DATA SEGMENT: Begin

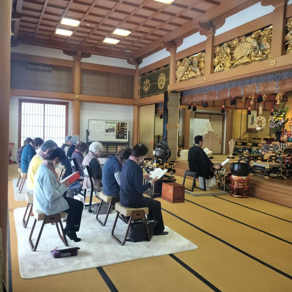 2月の仏婦新年会のお勤め。この日は讃仏偈でしたが次回からは正信偈六首引きです。
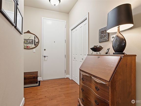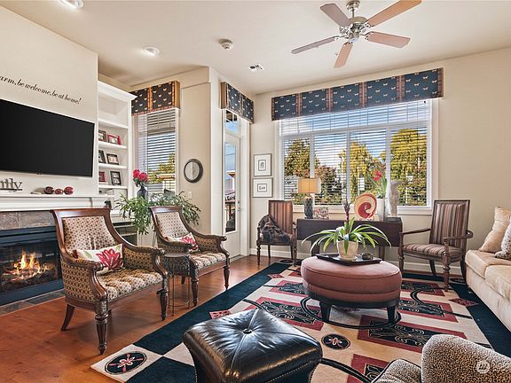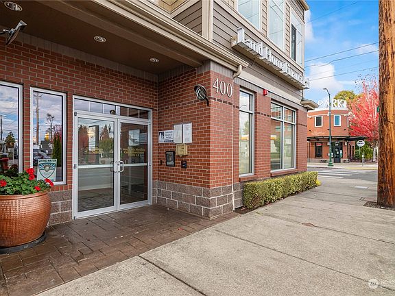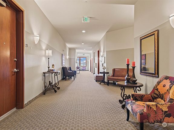 Welcome to Downtown Puyallup's Luxury 55+ Condominium Building. This open concept one story 2 bed, 1.75 bath with 10 ft ceilings, hardwood floors, granite countertops & stainless-steel appliances, a generous primary bedroom with ensuite, a small office is at the end of the hallway and a deck to sit and enjoy while relaxing and looking out at the park and Pavillion. The building features A/C, elevator, secure entry & garage, community entertainment/ exercise room, individual storage & more. Located steps from Pioneer Park, Pavilion, Farmers Market, Library, Senior Center, shops, amenities and easy access to freeways, hospitals and the sounder.
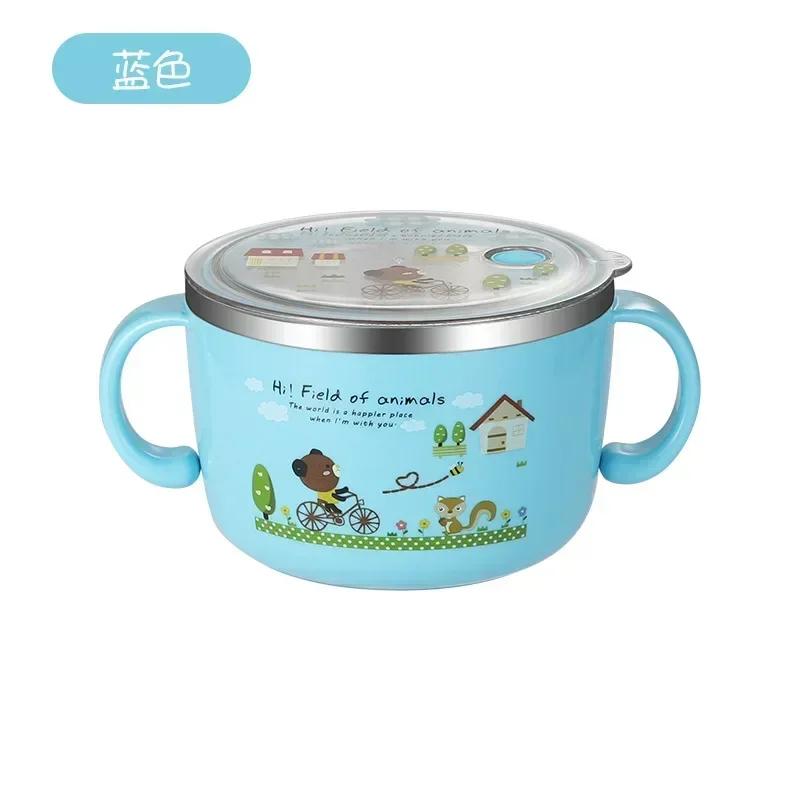 Ланч-бокс для детей, симпатичная миска для супа и лапши из нержавеющей стали, большая емкость, устойчивая к падениям и ожогам, контейнеры для школьной еды Bento синий
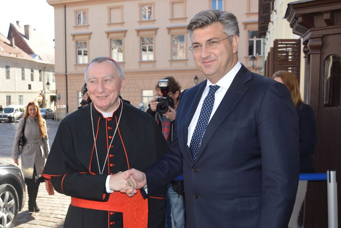 Predsjednik Vlade Republike Hrvatske Andrej Plenković sastao se danas, u Banskim dvorima, s državnim tajnikom Svete Stolice kardinalom Pietrom Parolinom.

DATA SEGMENT: End

» **WHAT THIS TASK INVOLVES**:
Give back the full listing exactly, with pictures dropped.

» **ANSWER**:
 2月の仏婦新年会のお勤め。この日は讃仏偈でしたが次回からは正信偈六首引きです。
 Welcome to Downtown Puyallup's Luxury 55+ Condominium Building. This open concept one story 2 bed, 1.75 bath with 10 ft ceilings, hardwood floors, granite countertops & stainless-steel appliances, a generous primary bedroom with ensuite, a small office is at the end of the hallway and a deck to sit and enjoy while relaxing and looking out at the park and Pavillion. The building features A/C, elevator, secure entry & garage, community entertainment/ exercise room, individual storage & more. Located steps from Pioneer Park, Pavilion, Farmers Market, Library, Senior Center, shops, amenities and easy access to freeways, hospitals and the sounder.
 Ланч-бокс для детей, симпатичная миска для супа и лапши из нержавеющей стали, большая емкость, устойчивая к падениям и ожогам, контейнеры для школьной еды Bento синий
 Predsjednik Vlade Republike Hrvatske Andrej Plenković sastao se danas, u Banskim dvorima, s državnim tajnikom Svete Stolice kardinalom Pietrom Parolinom.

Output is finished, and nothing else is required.